Categorised | Business & Finance

How To Turn Around A Failing Project – Before It’s Too Late

Good project management is a skill to learn.

Many roles out there involve a certain degree of project management, and dealing with external factors to bring something in on time and budget is a skill that many of us will need to learn throughout our working lives. But what do you do when a project veers dramatically off track?

Sometimes, it doesn’t take long before things start to spiral downhill, and you may be left wondering how on earth you’ve gone from initial start up to complete confusion so quickly.

Experienced project managers will have gained the skill of being able to spot the early warning signs that things are beginning to slide, but if you haven’t had as much exposure to it, it’s possible for things to go a little too far before you realise.

But don’t panic, let stress take over and start typing up your resignation letter just yet – you can still turn things around and pull that project back on track. Here’s how..

Recognise The Warning Signs

If you’re steering a project, you need to be constantly vigilant for potential issues, because the real trick is to spot them before they escalate. Use the start of each day to review the project status and fix in your mind what milestones are coming up next. Signs that things are about to grind to a halt can include communication breaking down, minor deadlines being missed or consistently pushed back or a lack of buy-in from all parties involved.

Increase Engagement Levels

Keeping your stakeholders engaged and updated is your primary responsibility, as their interest and confidence that the project will be delivered is crucial.
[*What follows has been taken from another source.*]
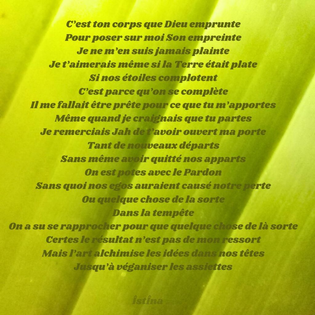 Ma gratitude est infinie envers mon Bien-Aimé car je sais qu’à l’instar de Dieu, que quelles que soient mes émotions, mes imperfections, mes préoccupations humaines ; quelle que soit ma passion, mon enthousiasme irréfréné parfois “inapproprié” ; quelle que soit même la résurgence de doutes du passé, le résultat de traumatismes ou de drames que personne n’aurait choisi de vivre ; quel que soit enfin le décalage entre Qui Je Suis et la façon dont Je Me manifeste, parfois chaotique ou incohérente aux yeux des profanes… Cet Amour reste là , inaltérable, inchangé depuis la première fois que j’en ai rêvé en regardant la plus brillante étoile. Il est là de tout Éternité, et j’en suis digne, et je le sens enfin, tout comme tu es digne d’être accueilli TEL•LE QUE TU ES dans la Grâce et la plénitude de l’Amour et de la Paix. En tant qu’enfant de la Création tu ne peux manquer de rien.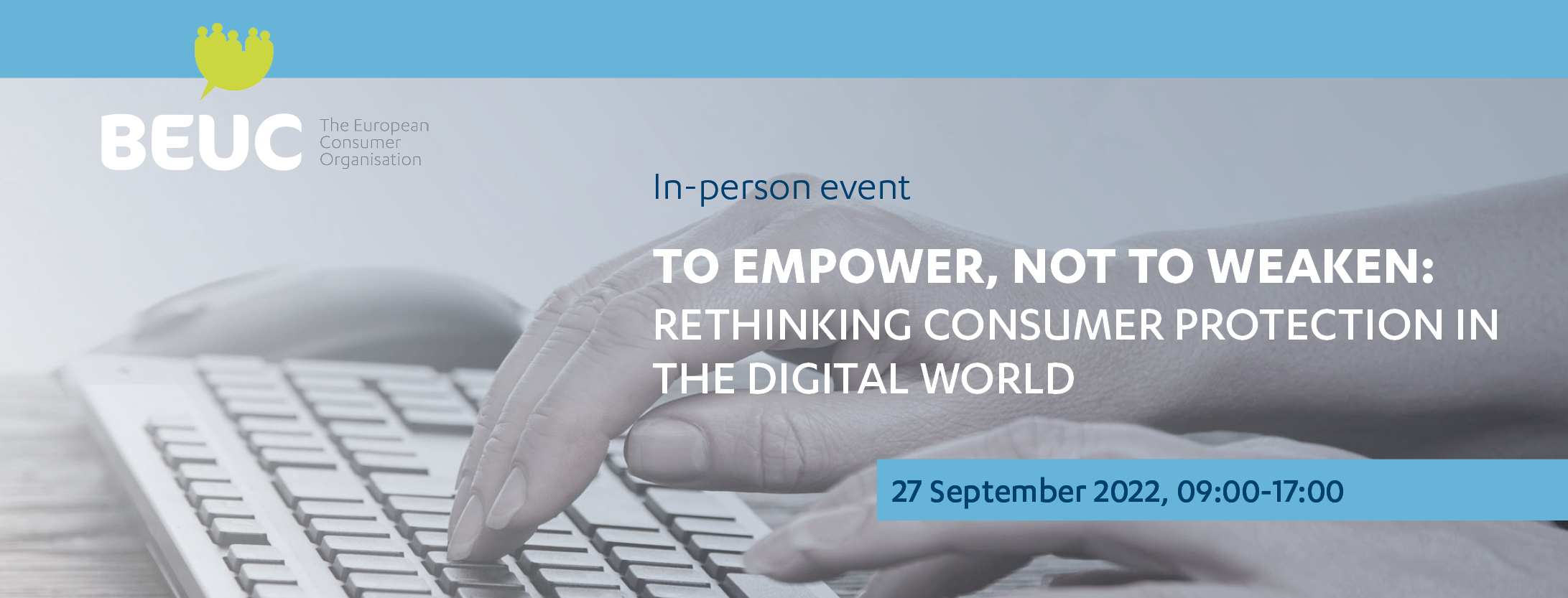 Join us on 27 September 2022 in Brussels to discuss how we can rethink consumer protection in the digital age. We will look in-depth at the regulatory changes needed to tackle digital asymmetries in many areas of consumer and digital regulation (consumer law acquis, AI Act, Data Act etc) and its enforcement structures.

Turn things around by reaching out to increase that engagement and don’t be afraid to throw some direct questions out there to cut to the chase of the matter. Be tuned in to potential sources of conflict from the off, and plan out some potential fixes to have at your fingertips if these arguments occur.

Work With Trusted Suppliers

Often, we are under pressure to get the lowest quote and go with that one, but this is a false economy that careful project managers should avoid. The track record of delivery and the quality of the work are just as, if not more, important. You may find suppliers who will underquote to get the work, and then find reasons to inflate costs after they have secured the job. If you don’t already have a trusted relationship, make sure that you do careful research at the tendering stage.
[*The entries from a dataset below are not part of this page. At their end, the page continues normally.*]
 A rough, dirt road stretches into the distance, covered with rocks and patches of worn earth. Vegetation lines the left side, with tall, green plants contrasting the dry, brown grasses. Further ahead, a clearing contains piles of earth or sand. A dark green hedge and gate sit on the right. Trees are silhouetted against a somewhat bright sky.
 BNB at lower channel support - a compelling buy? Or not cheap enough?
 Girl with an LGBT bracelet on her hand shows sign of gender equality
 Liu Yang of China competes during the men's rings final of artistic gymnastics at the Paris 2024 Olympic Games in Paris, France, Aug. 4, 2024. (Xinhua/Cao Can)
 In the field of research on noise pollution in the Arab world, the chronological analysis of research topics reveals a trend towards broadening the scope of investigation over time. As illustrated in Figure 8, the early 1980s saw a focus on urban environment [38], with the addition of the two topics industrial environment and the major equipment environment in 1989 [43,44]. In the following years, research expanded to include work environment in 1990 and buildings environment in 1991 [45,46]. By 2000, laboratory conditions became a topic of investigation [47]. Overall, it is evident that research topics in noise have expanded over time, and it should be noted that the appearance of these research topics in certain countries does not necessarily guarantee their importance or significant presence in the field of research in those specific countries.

Whether it’s hiring cranes from or buying in IT software, get in contact with previous clients first to check out how their experience of dealing with that supplier was and whether they would work with them again. Contracts should be written with delivery clauses in them where appropriate to ensure that suppliers have an incentive to keep on track, and agree the parameters of regular communication with then in advance, whether it’s fortnightly attendance at meetings or a phone call once a day if need be.